La provincia no descarta otras palancas complementarias. Al cierre de 2025, Jiangsu había desarrollado alrededor de 2 GW de fotovoltaica marina, con varios proyectos piloto que combinan la solar con otros recursos energéticos en zonas costeras.

📊 Impacto ecológico en cifras

  • Capacidad instalada: 100,08 GW de solar fotovoltaica acumulada a cierre de julio de 2026.
  • Generación distribuida: 69,29 GW, casi el 70% del total, instalada en cubiertas industriales y residenciales.
  • Peso en el mix: más del 38% de la capacidad total de generación de la provincia, ya la primera fuente.
  • Objetivo a futuro: 120 GW de fotovoltaica distribuida en 2030 y 160 GW en 2035.

generación distribuida

El salto de los 100 GW marca una nueva etapa. Una mayor penetración solar incrementa la presión sobre la flexibilidad de la red, sobre la demanda eléctrica en las horas centrales del día y sobre la necesidad de almacenamiento y de otros recursos de equilibrado.

La letra pequeña del récord: más allá de la potencia instalada

Jiangsu no es un caso aislado, sino la confirmación de una tendencia estructural. La fotovoltaica china ha crecido a un ritmo difícil de igualar, y las provincias costeras están demostrando que la generación distribuida puede ser una palanca de descarbonización masiva sin esperar a grandes megaproyectos.

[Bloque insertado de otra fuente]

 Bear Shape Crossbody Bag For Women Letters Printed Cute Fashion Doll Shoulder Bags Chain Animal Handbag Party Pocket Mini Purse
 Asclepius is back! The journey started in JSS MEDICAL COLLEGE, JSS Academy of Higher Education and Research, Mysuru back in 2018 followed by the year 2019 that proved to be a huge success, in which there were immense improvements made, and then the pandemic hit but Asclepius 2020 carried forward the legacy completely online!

Vamos a los datos. El caso de Jiangsu importa por la combinación de densidad urbana, tejado industrial y red digitalizada. Esa fórmula puede replicarse en otras regiones de Asia y del sur de Europa, donde la tierra es cara y la demanda eléctrica se concentra cerca de las ciudades.

Ojo con la letra pequeña. Superar los 100 GW de potencia instalada no equivale a aprovechar toda esa energía. La provincia necesitará mejorar el uso real del recurso mediante actualizaciones de red, almacenamiento y comercio de electricidad basado en precios de mercado. El desafío no es añadir paneles; es evitar que el excedente del mediodía se pierda.

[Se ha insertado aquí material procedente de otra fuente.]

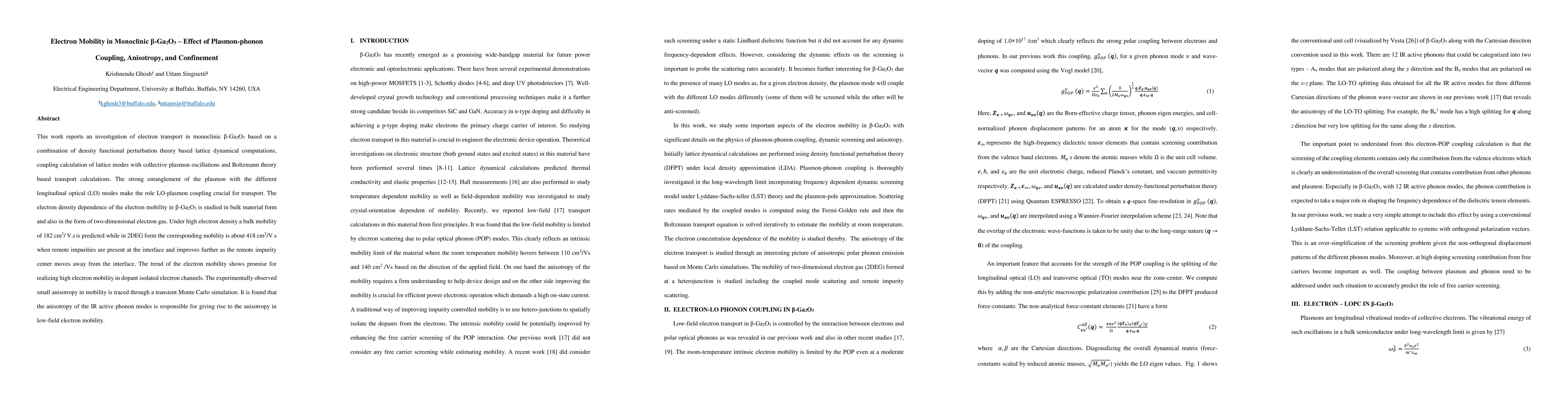 This study investigates electron transport in monoclinic β-Ga₂O₃, revealing that LO-plasmon coupling significantly influences mobility. High electron density in 2DEG form shows enhanced mobility, up to 418 cm²/V.s, with anisotropy traced to IR active phonon modes.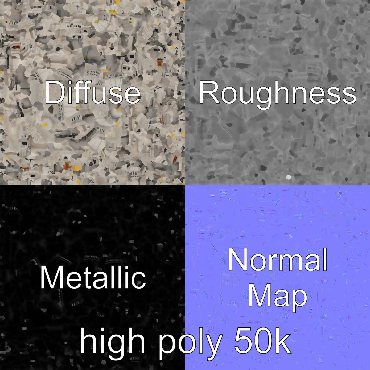 The model's textures are PBR, Diffuse, NormalMap, and reflection/roughness/metallic, suitable for any modern rendering engine. All models are accurately unwrapped and have no overlapping UVs. Textures are 4096*4096 in size.

El precedente de Shandong también deja una lección. La capacidad se celebra rápido, pero la integración se paga en red, baterías y mecanismos de demanda. Jiangsu tiene la ventaja de haber construido la red de distribución antes de que el sistema llegue al límite.

Para las empresas proveedoras, el modelo de Jiangsu abre además un mercado de soluciones integrales: inversores, sistemas de monitorización, software de previsión y contratos de mantenimiento para miles de cubiertas. La cadena de suministro se beneficia de una demanda distribuida que, por su capilaridad, obliga a estandarizar componentes y a abaratar la integración.

La gobernanza energética también gana peso. En un parque tan fragmentado, la calidad del dato y la coordinación entre distribuidora, municipios y propietarios determinan cuánto se aprovecha de verdad cada megavatio. Es una lección útil para cualquier economía que quiera impulsar la transición sin depender solo de grandes huertos solares.

🌍 El Impacto Real para el Futuro

  • Beneficio medible: 100,08 GW de solar instalada, con más del 38% de la capacidad de generación provincial procedente del sol.
  • Modelo que cambia: la generación distribuida en tejados y polígonos sustituye a los grandes huertos solares como vía para las regiones sin suelo.
  • Para las próximas generaciones: una red digitalizada y un plan a 2035 permiten heredar un sistema eléctrico más limpio y menos dependiente del territorio disponible.